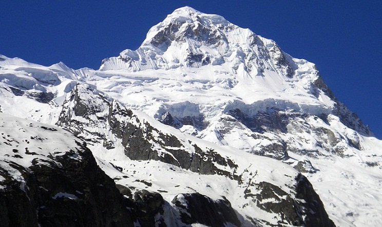 सतोपंथ ग्लेशियर तथा भागीरथी खरक ग्लेशियर के समागम से नीलकंठ पर्वत का एक द्रस्य
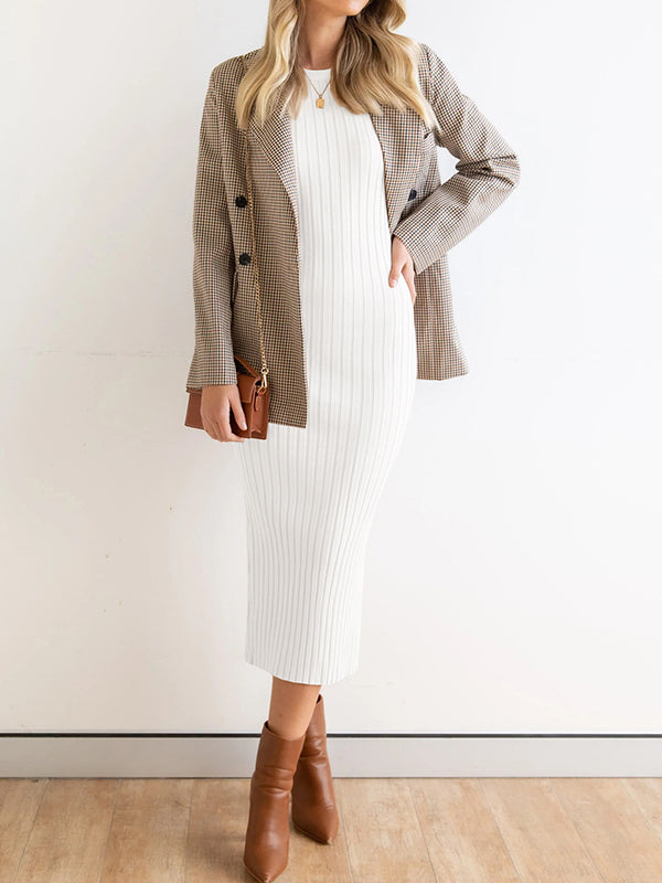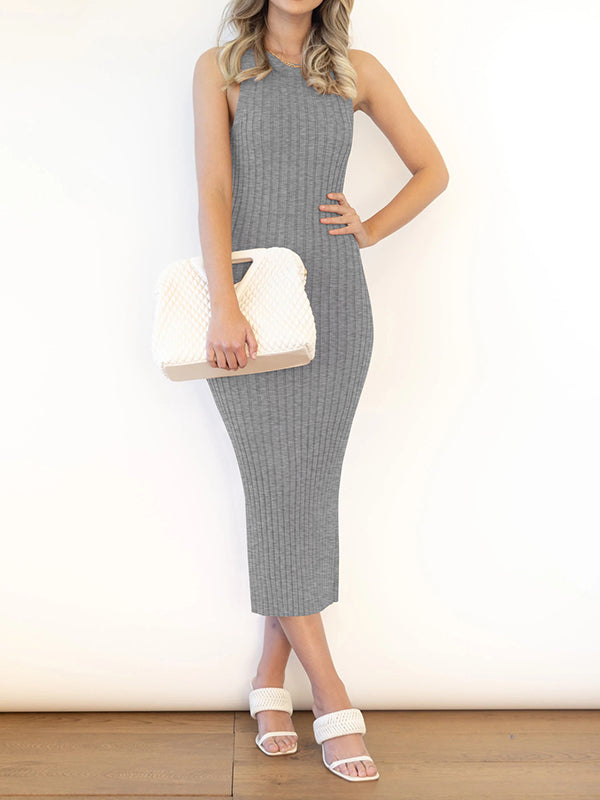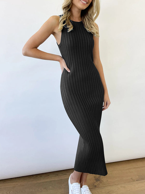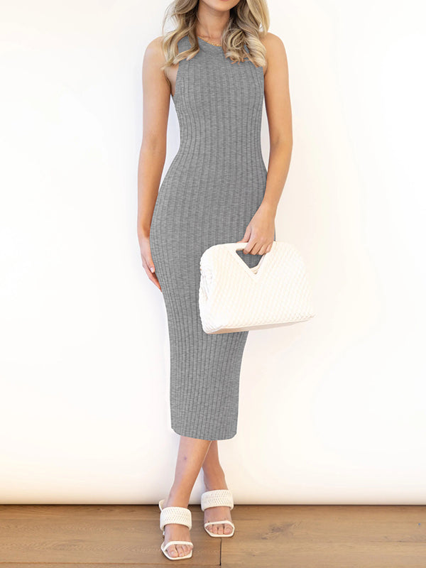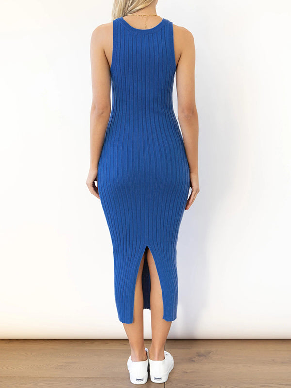 High Waisted Skinny Solid Color Split-Back Round-Neck Midi Dresses
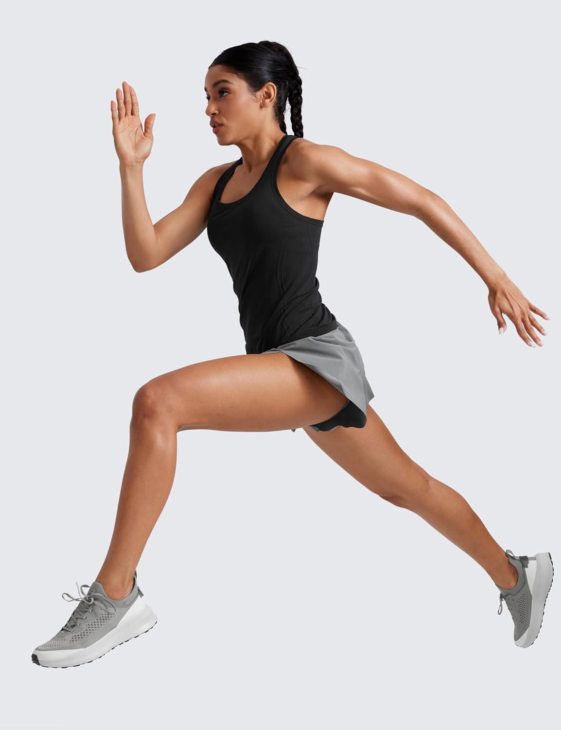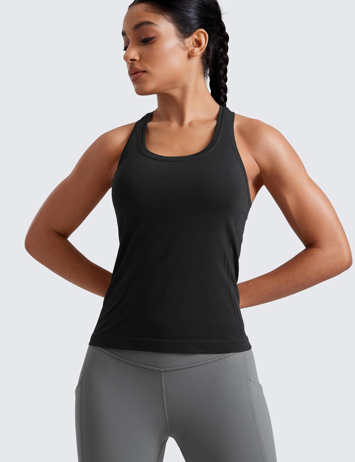 CRZ YOGA Seamless Racerback Tank Tops for Women – Gym Workout Athletic Running Sleeveless Shirts Breathable Scoop Neck(Black)
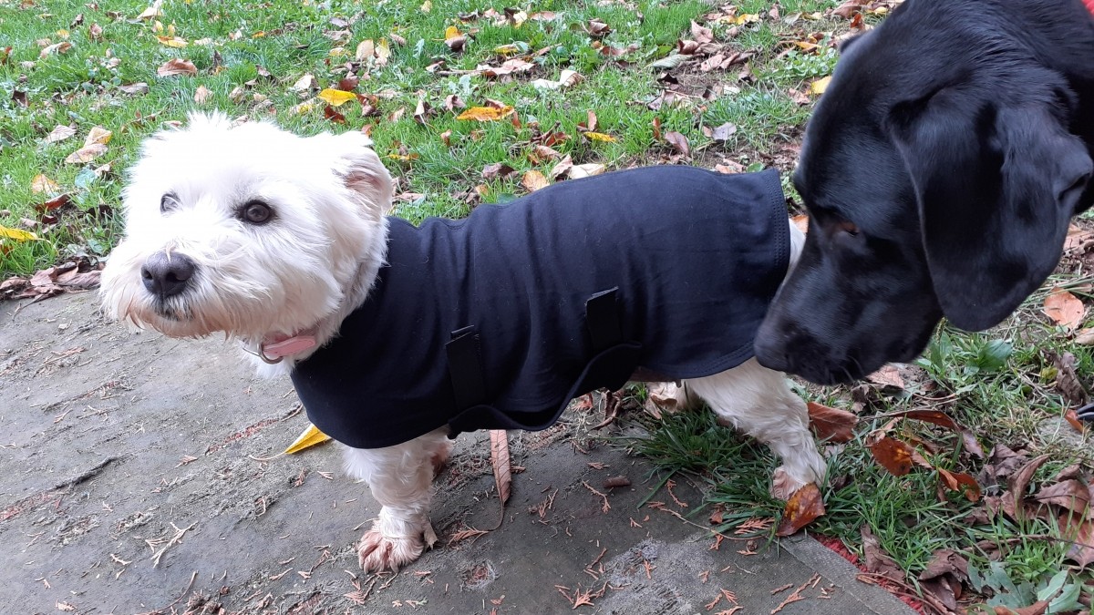 The HERBB® Cotton Dog Coat. To be used to protect your dogs skin if your dog has hair loss or healing skin, or simply if you want a warm breathable jersey layer.
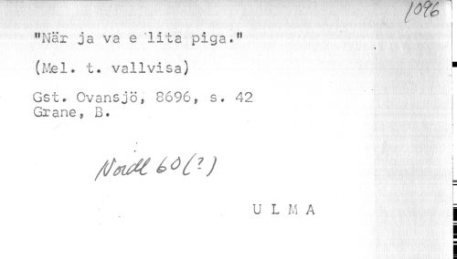 //// ( ^ i & I //// "När ja va e lita piga." //// » //// (Mel. t. vallvisa} //// ¦ W .',' v- 5 •¦•' • "'» ' i , //// ! i //// Gst* Ovansjö, 8696, s * 42 Grane, B. //// f //// U L M A i //// v | //// I //// ¦ ////
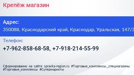 Крепёж, магазин по адресу 350088, Краснодарский край, Краснодар, Уральская, 147/3 в дальнейшем Организация, размещена в следующих категориях:

* WHAT IS REQUIRED: Reproduce every record above exactly, but leave out the pictures.

* ANSWER AREA:
 सतोपंथ ग्लेशियर तथा भागीरथी खरक ग्लेशियर के समागम से नीलकंठ पर्वत का एक द्रस्य
 High Waisted Skinny Solid Color Split-Back Round-Neck Midi Dresses
 CRZ YOGA Seamless Racerback Tank Tops for Women – Gym Workout Athletic Running Sleeveless Shirts Breathable Scoop Neck(Black)
 The HERBB® Cotton Dog Coat. To be used to protect your dogs skin if your dog has hair loss or healing skin, or simply if you want a warm breathable jersey layer.
 //// ( ^ i & I //// "När ja va e lita piga." //// » //// (Mel. t. vallvisa} //// ¦ W .',' v- 5 •¦•' • "'» ' i , //// ! i //// Gst* Ovansjö, 8696, s * 42 Grane, B. //// f //// U L M A i //// v | //// I //// ¦ ////
 Крепёж, магазин по адресу 350088, Краснодарский край, Краснодар, Уральская, 147/3 в дальнейшем Организация, размещена в следующих категориях:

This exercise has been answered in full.